▶ [GIVEN MATERIAL]
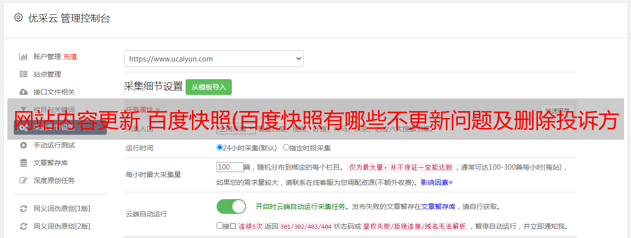 优采云 发布时间: 2021-11-25 06:01网站内容更新 百度快照(百度快照有哪些不更新问题及删除投诉方法?)
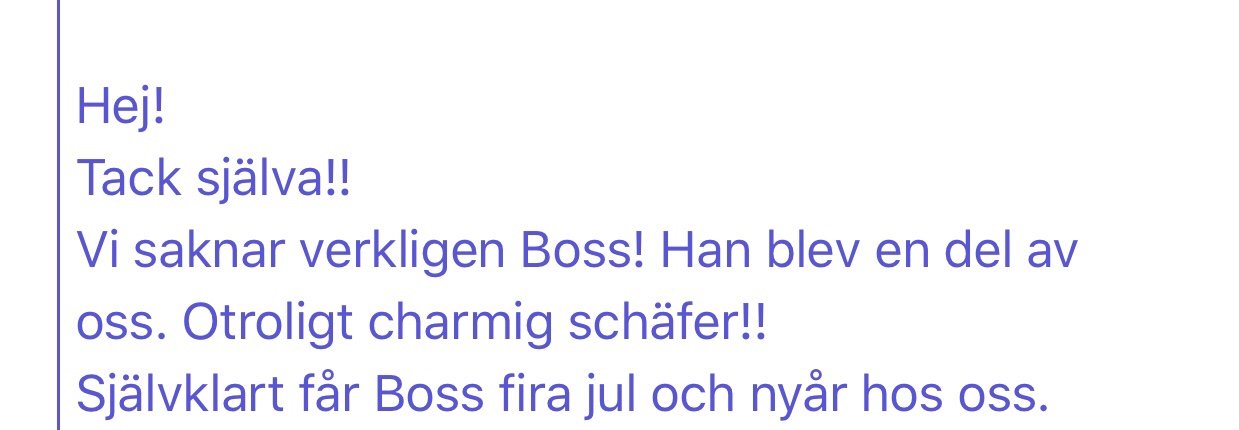 Först måste jag visa ett Mail vi fick från vårt hundpensionat. Dom är helt fantastiska och jag känner mig alltid trygg att lämna Boss där. Att sen Boss gjort ett sådant intryck på dom värmer verkligen
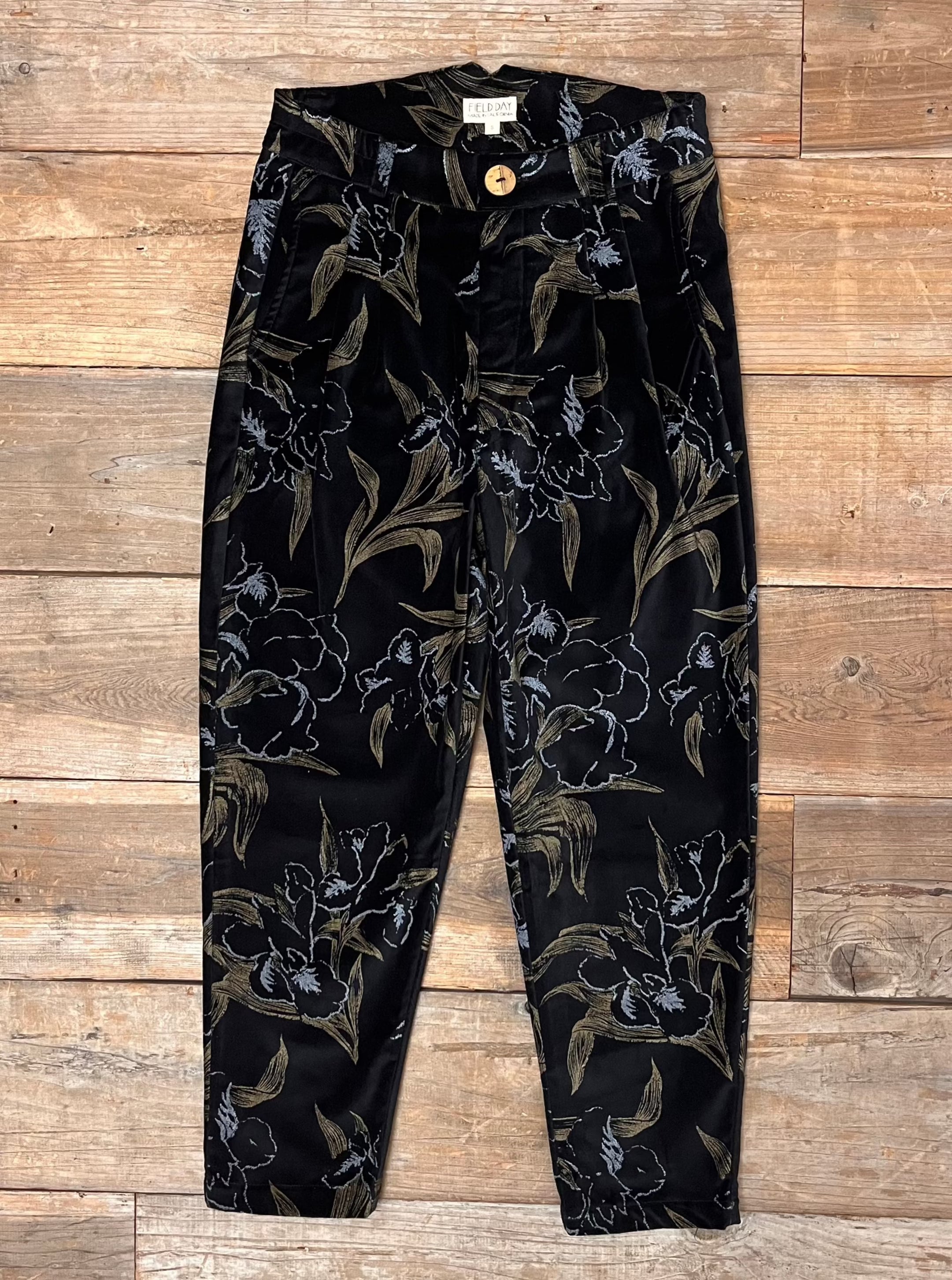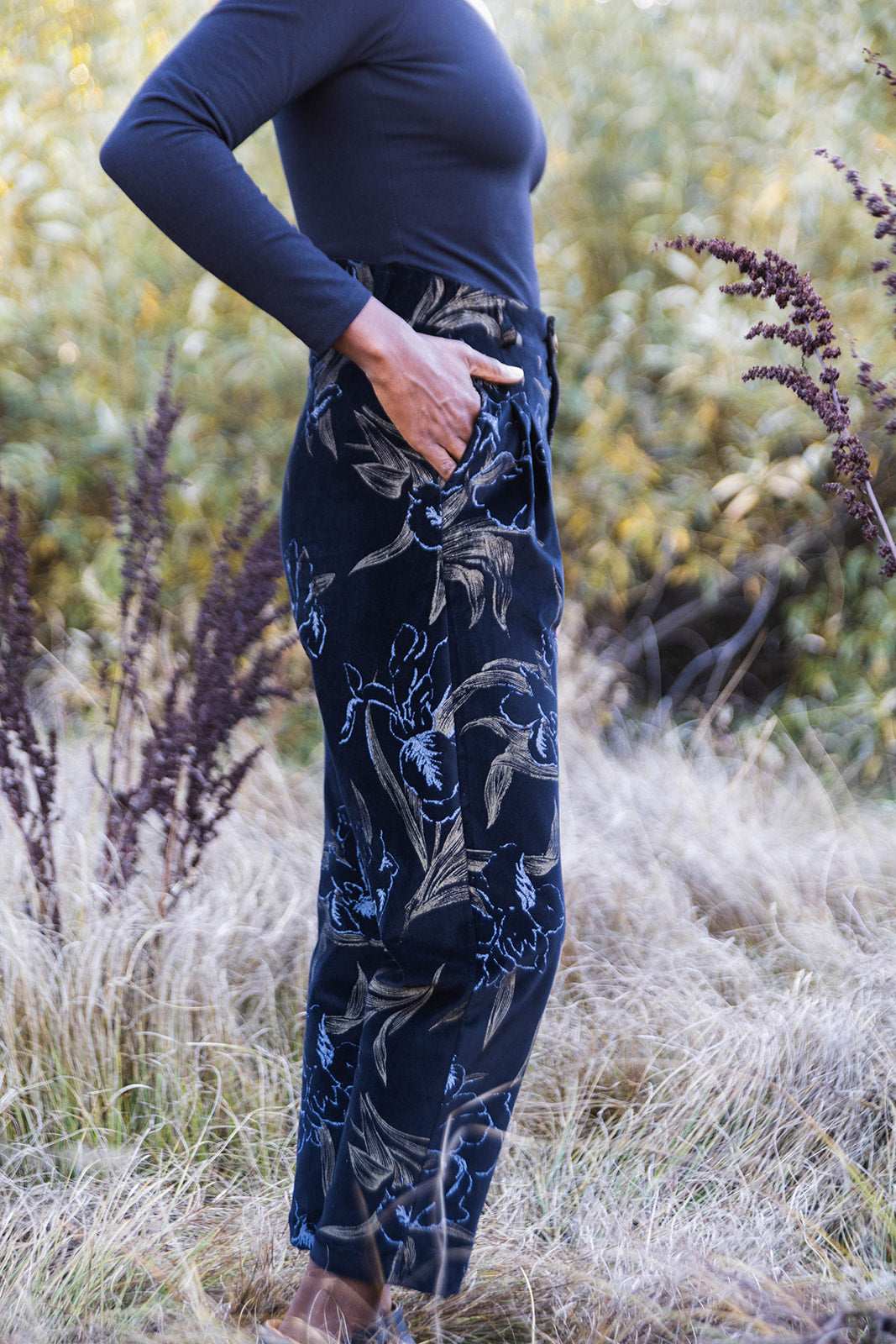 Made from a super unique deadstock plush velvet with glimmering floral print.
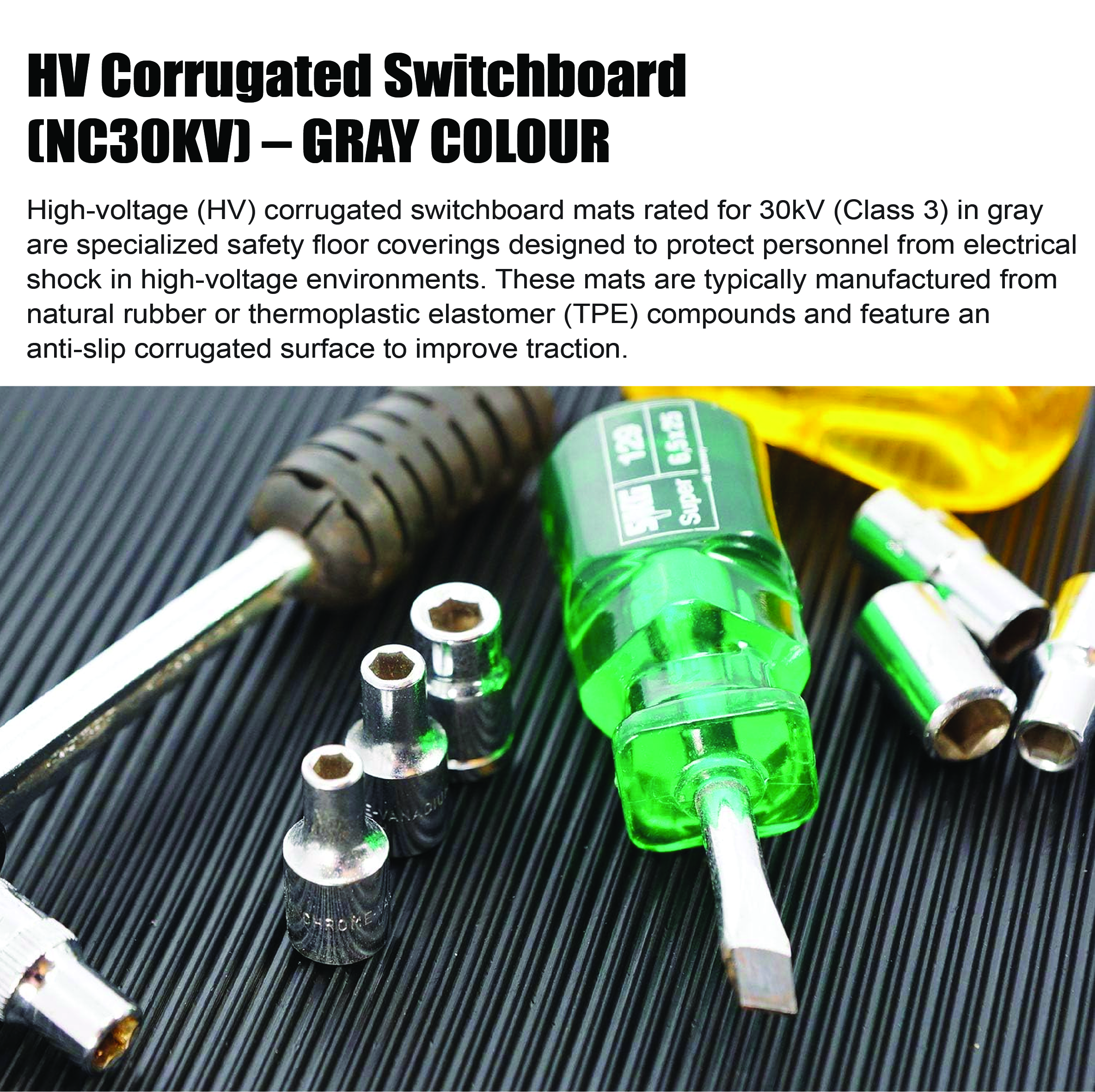 Electrical Insulation mats are made of rubber. Rubber, due to its properties of resistivity, is used in many industrial applications throughout industry to insulate and protect; it is an obvious choice for electrical safety matting and is tested vigorously to ensure the level of protection is met.

▶ [TASK DIRECTIONS]
Go through the material and set it down again exactly, but without any pictures.

▶ [ANSWER SECTION]
 优采云 发布时间: 2021-11-25 06:01网站内容更新 百度快照(百度快照有哪些不更新问题及删除投诉方法?)
 Först måste jag visa ett Mail vi fick från vårt hundpensionat. Dom är helt fantastiska och jag känner mig alltid trygg att lämna Boss där. Att sen Boss gjort ett sådant intryck på dom värmer verkligen
 Made from a super unique deadstock plush velvet with glimmering floral print.
 Electrical Insulation mats are made of rubber. Rubber, due to its properties of resistivity, is used in many industrial applications throughout industry to insulate and protect; it is an obvious choice for electrical safety matting and is tested vigorously to ensure the level of protection is met.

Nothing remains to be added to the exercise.